Bootstrapping a Graphql + Postgresql Backend

Posted: January 31, 2020 Category: backendTagged: postgresqlgraphql

This is the first of a bunch of posts that are going to be copy paste dumps of notes I jot down to myself as I bootstrap portions of my app, learning as I go.

As rough notes to myself, they may not make much sense to another reader. BUT, they may contain some useful wayfinders if you’re a first-timer who learns the way a generalist does.

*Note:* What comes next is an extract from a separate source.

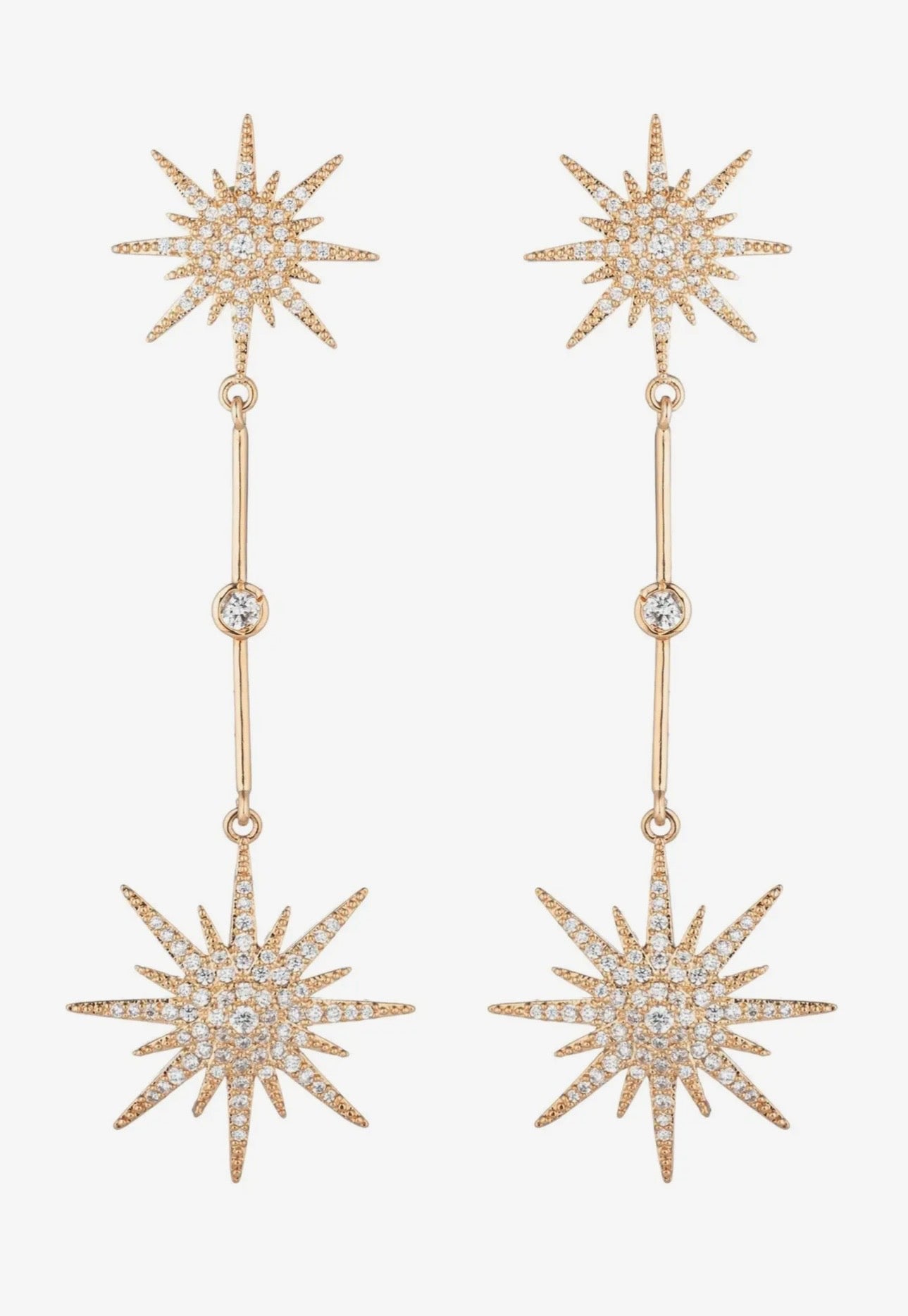 The North Star won't be the brightest star in the night when you have these celestial earrings on! Embodied with CZ crystals, these drop earrings feature a North Star design on gold tone brass. These earrings will make everyone look at you in awe.
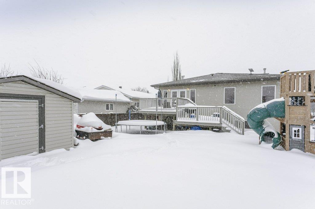 WELCOME HOME TO 4408 MILLER DRIVE?ONE OF ONOWAY?S MOST DESIRABLE LOCATIONS! This beautifully maintained 2002 bi-level offers over 2,600 sq ft of developed living space, 5 bedrooms, 3 bathrooms & a 20x24 heated attached garage. Freshly painted throughout, the home feels bright, clean & move-in ready. The main floor features vaulted ceilings, a spacious living room with laminate flooring & a gas fireplace, plus a welcoming kitchen with a raised eating bar, pantry & stainless steel appliances. The dining area opens to a deck overlooking the large, fenced yard?perfect for entertaining. The king-sized primary retreat includes a walk-in closet & 4-pc ensuite with jetted tub. Two additional bedrooms & a full bath complete the main level. The fully finished basement is warm & inviting with in-floor heating, a wood-burning fireplace, expansive family room, two more bedrooms, laundry & a 3-pc bath. Added comforts include central A/C & a 2-tier deck. A fantastic family home in an outstanding location!

Summary of Learnings during backend bootstrapping

the graphiql app that comes with express-graphql doesn’t have a panel for setting headers / bearer tokens. Had to download a standalone client (graphiql-app). Got the windows binary here. You have to explicitly populate the header boxes with “authorization”, “Bearer xxx” in the UI.

JWT overview crypto lib is now absorbed into node, do not install sep pkg. Most modern examples seem to use AES eg this snippet

Ok so it turns out that crypto (node built-in is for allpurpose crypto and bcrypt is for crypto that is compuationally expensive, for sensitive stuff like passwords etc). see SO.

The iv in cipheriv actually means “initialization vector”, and it’s basically a salt. It’s not as big a secret as the secret that it’s salting, so no need to freak out about where to store it.

Algorithms: candidates I’ve come across are the 2 discussed here. Per discussion, went with the -ctr variant.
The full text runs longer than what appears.